12c. Com os dentes, desatou o prisioneiro o nó das cordas.

Outro procedimento é a substituição da sequência por uma unidade


simples. Observemos:

13. Mandaram amarrar o prisioneiro e apertar bem o nó das cordas, mas


ele (=o prisioneiro) desatou-o (=o nó das cordas) com os dentes.

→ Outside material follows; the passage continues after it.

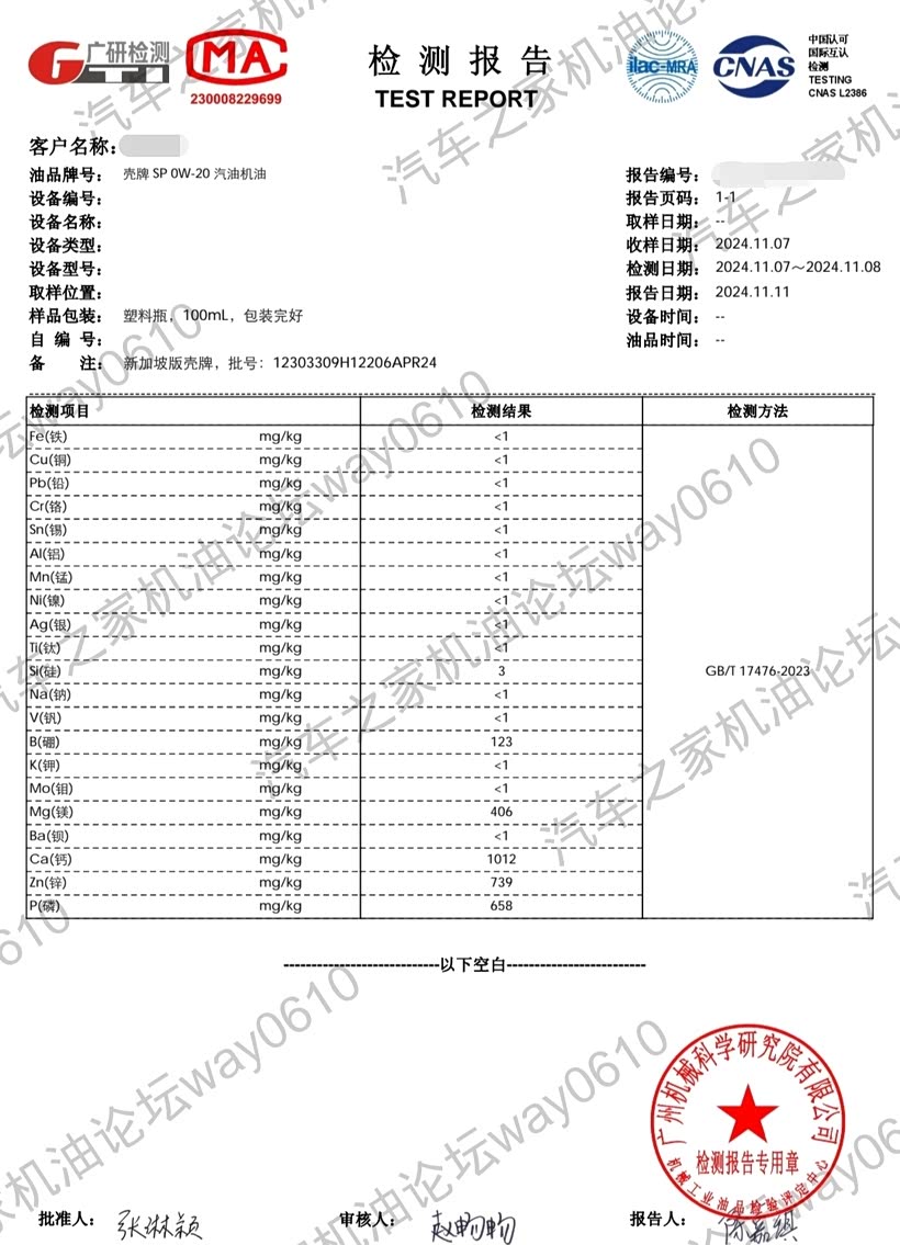 通过实测可以看出,新加坡版壳牌的各种元素含量正常。

Sequências que se deixam substituir por unidades simples no interior das


orações também são sintagmas.

Um terceiro (e aqui último) procedimento que vamos adotar é a


interposição de um ‘e’. Normalmente, a presença de um ‘e’ indica a união de duas
unidades pertencentes ao mesmo nível. Isto se passa em:

14. O prisioneiro e seu amigo desataram o nó das cordas com os dentes.

15. O prisioneiro desatou o nó das cordas com os dentes e fugiu.

‘Fugir’ é uma unidade funcionalmente (e distribucionalmente) equivalente


à outra a que se une por meio do ‘e’, podendo, por isso, substituí-la, como em 16.
O prisioneiro fugiu.

O ‘e’ inserido em 15 não está, por conseguinte, ligando o verbo ‘desatou’


à forma ‘fugiu’, nem tampouco a forma ‘fugiu’ ao substantivo ‘dentes’ que a
precede; o ‘e’ está unindo sintaticamente toda a sequência ‘desatou o nó das
cordas com os dentes’ à forma capaz de substituí-la, ‘fugiu’. Isto constitui prova
suficiente de que toda esta sequência opera como uma unidade funcional, da
mesma sorte que a unidade simples ‘fugiu’.

Agora que sabemos por que a divisão inicial e as três são compatíveis,
conclui-se que uma unidade de nível mais baixo pode combinar com uma unidade
de nível imediatamente superior para compor outra unidade neste mesmo nível.
É o que se dá em ‘desatou o nó das cordas com os dentes’: ‘desatou’, que é um
vocábulo, combina-se com os dois sintagmas – ‘o nó das cordas’ e ‘com os dentes’
– para formar um sintagma mais complexo: verbo + sintagma + sintagma.